* _Problem to work on_
Return only what runs from the line containing "Breloques à facettes, dim." through the last line of the entries below, exactly, omitting pictures.

* _Record extracts_
((

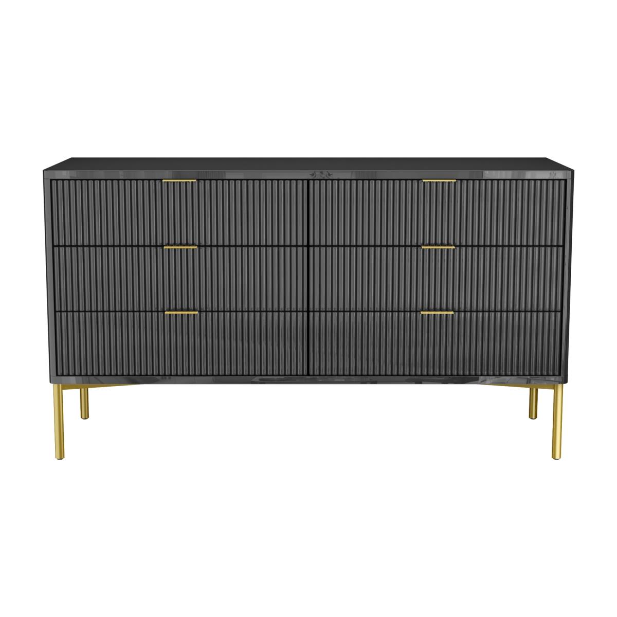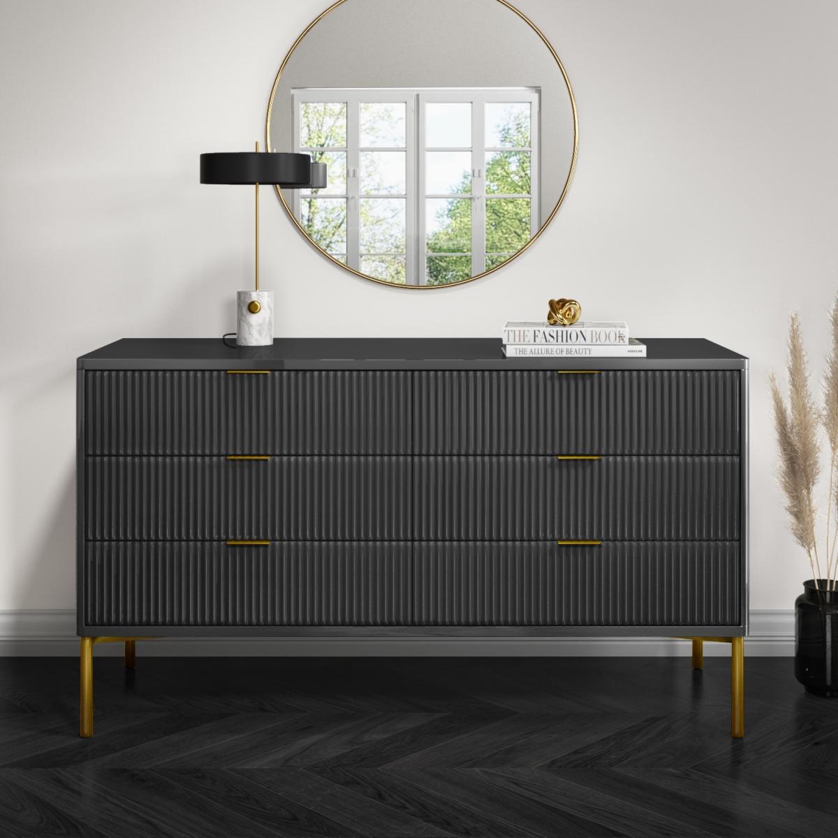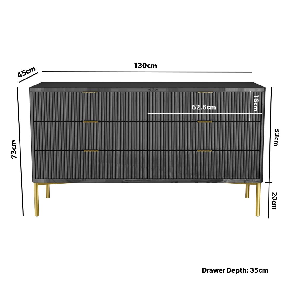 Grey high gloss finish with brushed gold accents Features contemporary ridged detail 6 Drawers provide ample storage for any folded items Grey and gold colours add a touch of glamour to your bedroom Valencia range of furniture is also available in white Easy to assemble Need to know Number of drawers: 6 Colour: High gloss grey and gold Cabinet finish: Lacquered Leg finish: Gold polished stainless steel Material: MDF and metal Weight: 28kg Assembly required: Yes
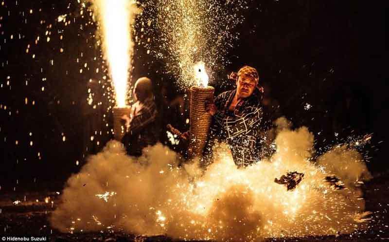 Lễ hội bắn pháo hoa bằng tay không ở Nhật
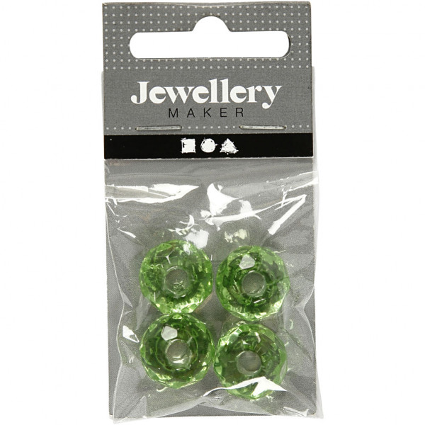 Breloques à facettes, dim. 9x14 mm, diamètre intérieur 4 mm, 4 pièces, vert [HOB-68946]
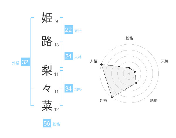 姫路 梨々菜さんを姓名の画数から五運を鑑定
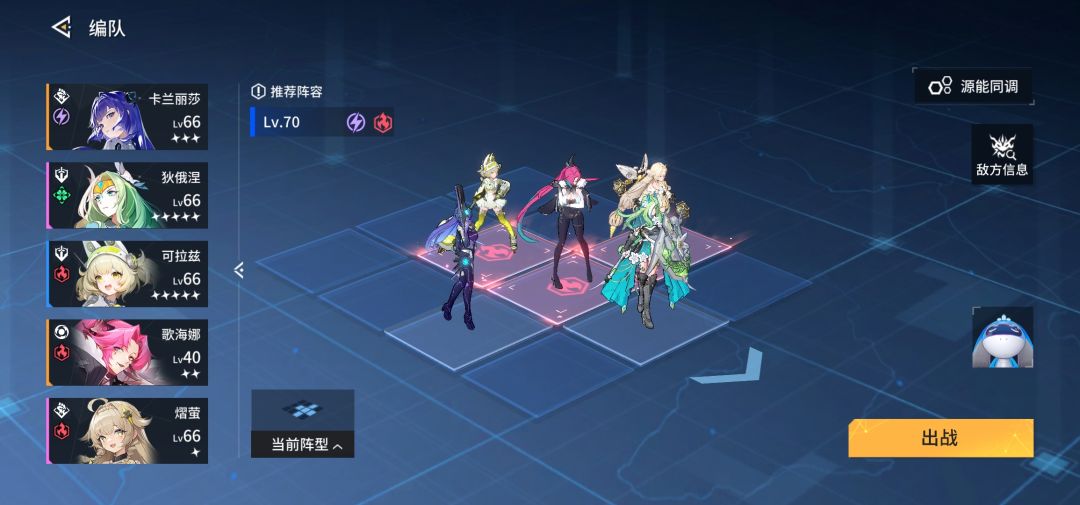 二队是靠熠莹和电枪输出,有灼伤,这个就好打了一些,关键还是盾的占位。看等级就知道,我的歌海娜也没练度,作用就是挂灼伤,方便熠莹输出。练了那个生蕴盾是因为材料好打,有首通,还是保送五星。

))

* _Response to this task_
 Breloques à facettes, dim. 9x14 mm, diamètre intérieur 4 mm, 4 pièces, vert [HOB-68946]
 姫路 梨々菜さんを姓名の画数から五運を鑑定
 二队是靠熠莹和电枪输出,有灼伤,这个就好打了一些,关键还是盾的占位。看等级就知道,我的歌海娜也没练度,作用就是挂灼伤,方便熠莹输出。练了那个生蕴盾是因为材料好打,有首通,还是保送五星。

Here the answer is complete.